Items from a data source:
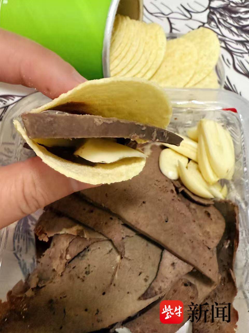 带着对这款网红美食的好奇,记者也购入了猪肝、薯片、大蒜三样食材展开实测。其中,猪肝选用的是商超常见的卤制款,自带咸香风味;薯片则为预调味类型,本身就带有浓郁口感。因此尽管生蒜气味较冲,但在卤肝的咸香与薯片的酥脆风味中和下,整体搭配的口感意外和谐,吃的时候蒜味并未过于突出。不过需要特别提醒的是,大蒜的气味具有“持久性”,即便食用时感受不明显,后续口腔内的蒜味却不易消散,对于注重口腔环境的网友来说,还是建议谨慎尝试。
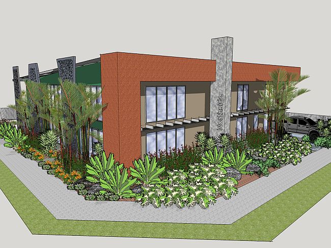 The building plans were drawn by Max Slade Designs.  The combination of working with clients and a design team who you know well often produces great results and I used this as an opportunity to design the landscape plans in 3D using Sketchup and then converting to AutoCAD https://www.autodesk.com.au/products/autocad/overview. Until recently  I’ve used a combination of the CAD drawings and hand-drawn sketches but the 3D images make life so much simpler. In this way we were all more easily able to coordinate colours and finishes. The result has been  that the building and landscape elements such as the massive cut-out aluminium blades and dramatic tropical screen plants work perfectly together.
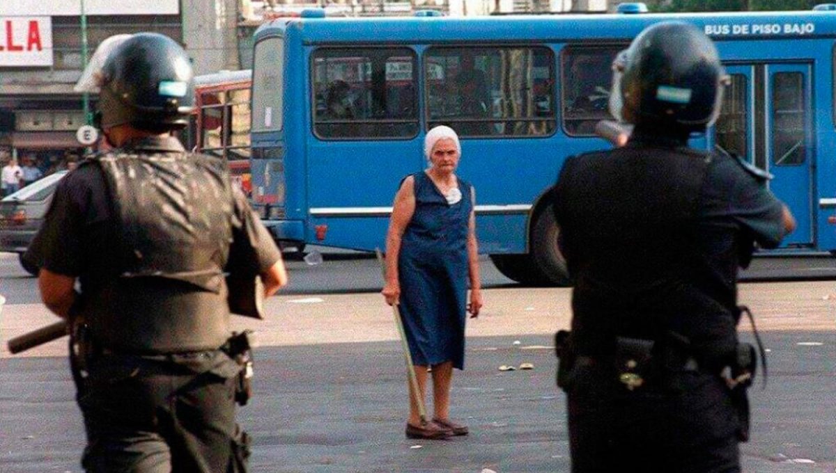 Más atrás en el tiempo, la página de Facebook “7D” publicó dos fotos sobre la represión ocurrida el jueves último que no fueron tomadas esa tarde. En la primera se puede ver a una anciana con un palo frente a dos policías armados cuando uno de ellos le apunta. Pero es una imagen de las protestas ocurridas el 19 y 20 de diciembre de 2001 y fue tomada por el equipo de fotógrafos de Télam, como se puede ver en este videosobre una exposición fotográfica de la agencia estatal.
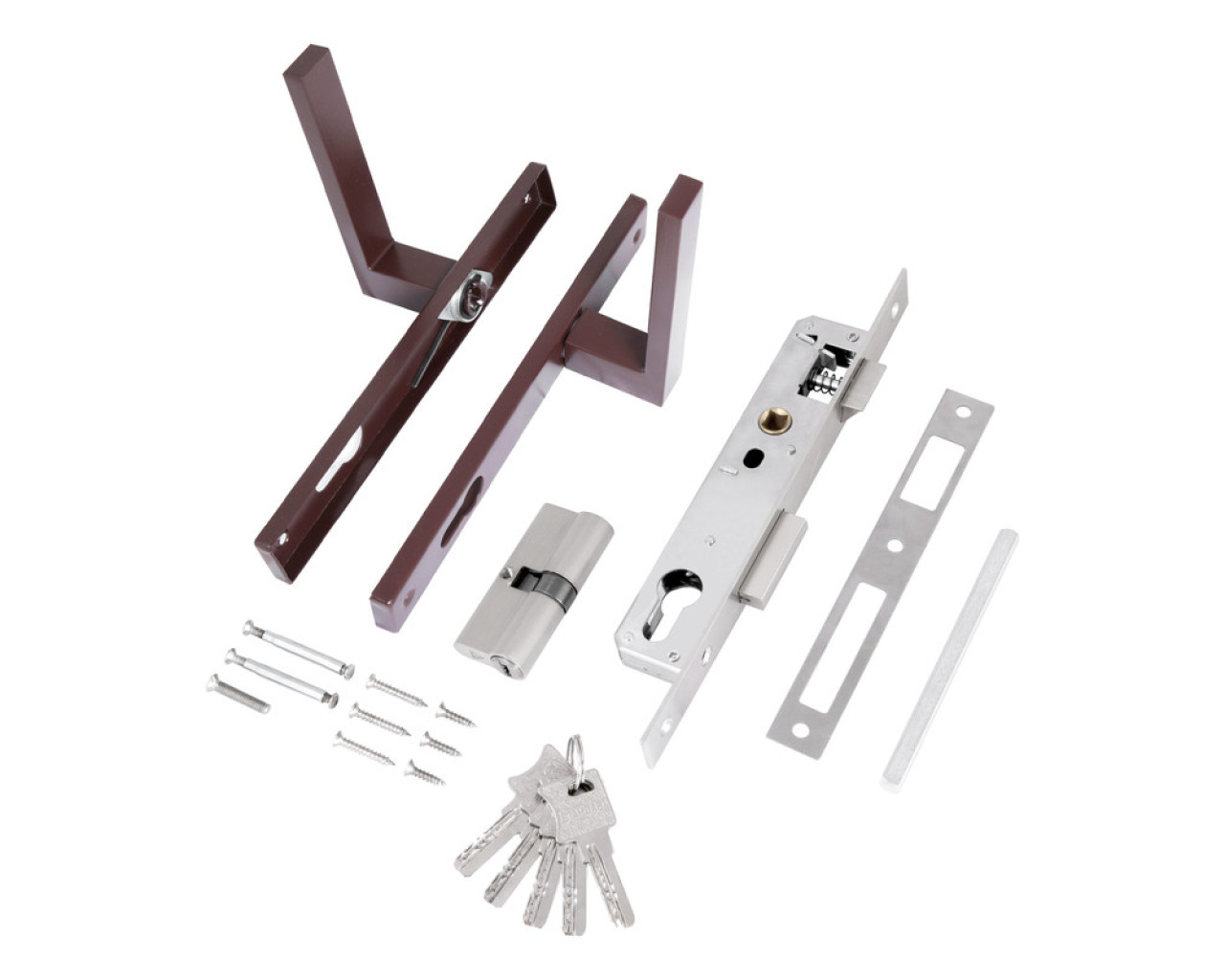 Замок врезной с ручками Предназначен для установки в калиточные двери правого и левого открыванияВозможна установка в деревянные двери а так же двери из алюминиевого профиля Дверь может быть закрыта на защелку и открыта с помощью фалевой ручки при открытом засове замка Универсальная защелка Корпус и торцевая планка из нержавеющей стали Межосевое расстояние 85мм Удаление ключевого отверстия 20мм Ручки с полимерным покрытием по каталогу RAL Материал - сталь Механизм секрета с перфоключом длина 70 мм 5 ключей Материал - цинковый сплав
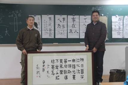 在程道树展示完毕后,现场进行了关于书法知识的抢答活动。同学们积极参与,踊跃回答问题。程道树也将自己的作品赠与了回答正确的同学。抢答环节结束后,本次讲座也进入了尾声。在讲座的最后,程道树向太阳城集团赠送了自己的书法作品,太阳城集团陈金诗副经理也对程道树的馈赠表达了衷心的感谢。在掌声中,本次讲座圆满结束。
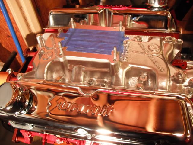 I took my intake and timing cover to the machinist to get cleaned, then painted them with the same paint I used on the transmission. I guess its alright. I am going for a red-white-blue theme with the engine, so being a little more shiny works.
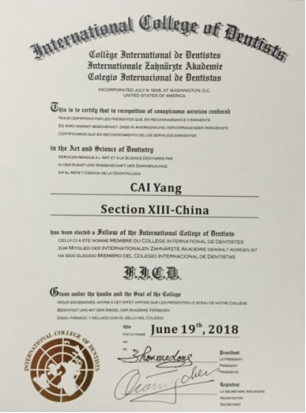 2018年蔡扬教授获得国际牙医师公司(ICD)中国区院士称号
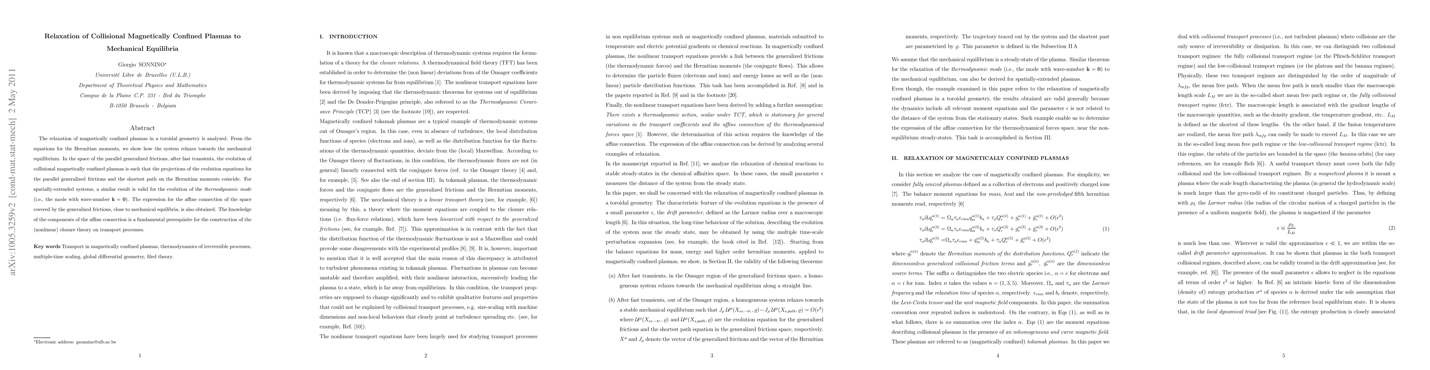 The relaxation of magnetically confined plasmas in a toroidal geometry is analyzed. From the equations for the Hermitian moments, we show how the system relaxes towards the mechanical equilibrium. In the space of the parallel generalized frictions, after fast transients, the evolution of collisional magnetically confined plasmas is such that the projections of the evolution equations for the parallel generalized frictions and the shortest path on the Hermitian moments coincide. For spatially-extended systems, a similar result is valid for the evolution of the {\it thermodynamic mode} (i.e., the mode with wave-number k = 0). The expression for the affine connection of the space covered by the generalized frictions, close to mechanical equilibria, is also obtained. The knowledge of the components of the affine connection is a fundamental prerequisite for the construction of the (nonlinear) closure theory on transport processes.
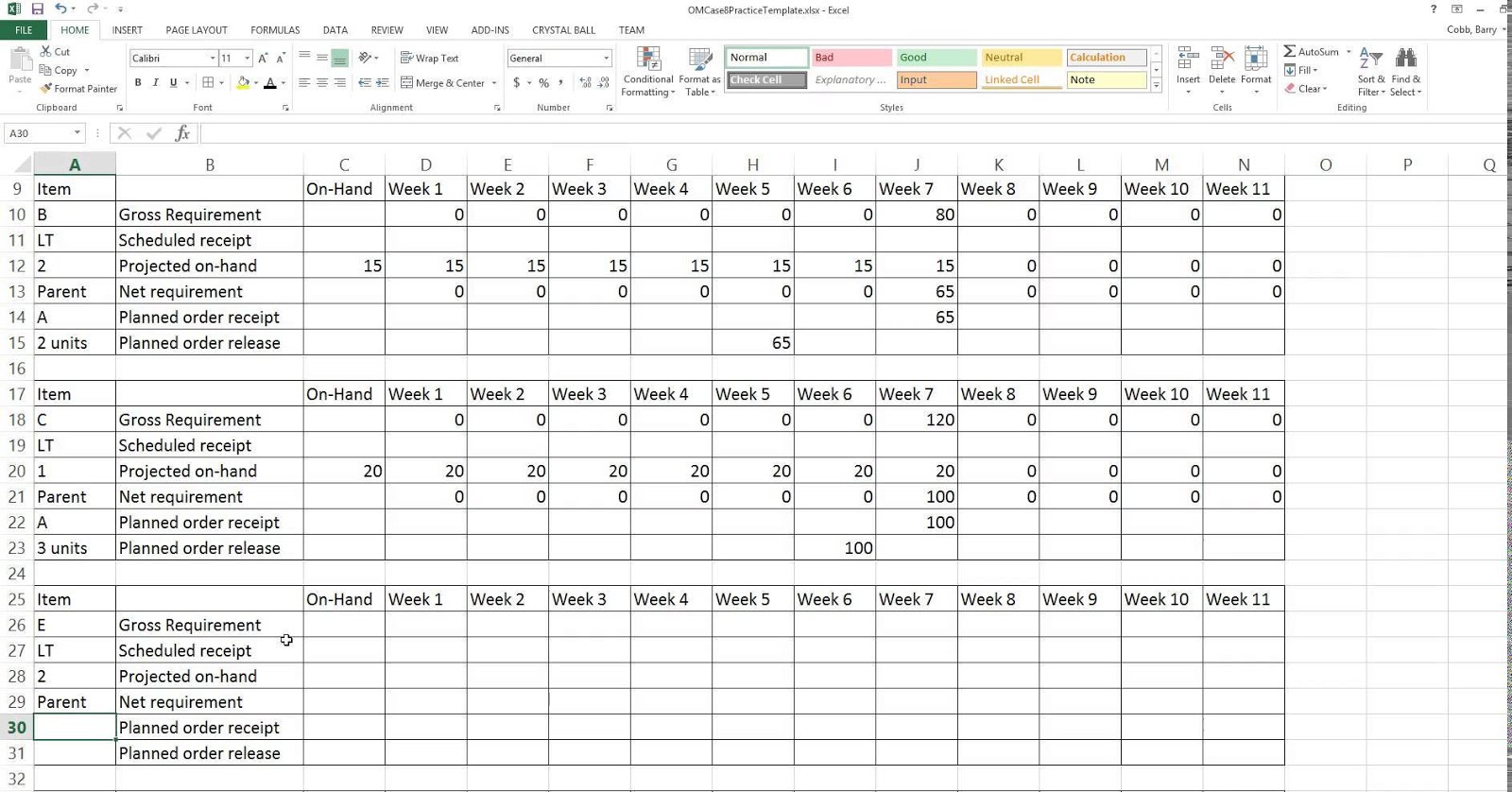 Develop material requirement planning mrp in excel by Hafiz abubaker

■ The task ■
Leaving pictures aside, give again word for word each line from the one with "I took my intake" to the final line of the entries.

■ Task result ■
 I took my intake and timing cover to the machinist to get cleaned, then painted them with the same paint I used on the transmission. I guess its alright. I am going for a red-white-blue theme with the engine, so being a little more shiny works.
 2018年蔡扬教授获得国际牙医师公司(ICD)中国区院士称号
 The relaxation of magnetically confined plasmas in a toroidal geometry is analyzed. From the equations for the Hermitian moments, we show how the system relaxes towards the mechanical equilibrium. In the space of the parallel generalized frictions, after fast transients, the evolution of collisional magnetically confined plasmas is such that the projections of the evolution equations for the parallel generalized frictions and the shortest path on the Hermitian moments coincide. For spatially-extended systems, a similar result is valid for the evolution of the {\it thermodynamic mode} (i.e., the mode with wave-number k = 0). The expression for the affine connection of the space covered by the generalized frictions, close to mechanical equilibria, is also obtained. The knowledge of the components of the affine connection is a fundamental prerequisite for the construction of the (nonlinear) closure theory on transport processes.
 Develop material requirement planning mrp in excel by Hafiz abubaker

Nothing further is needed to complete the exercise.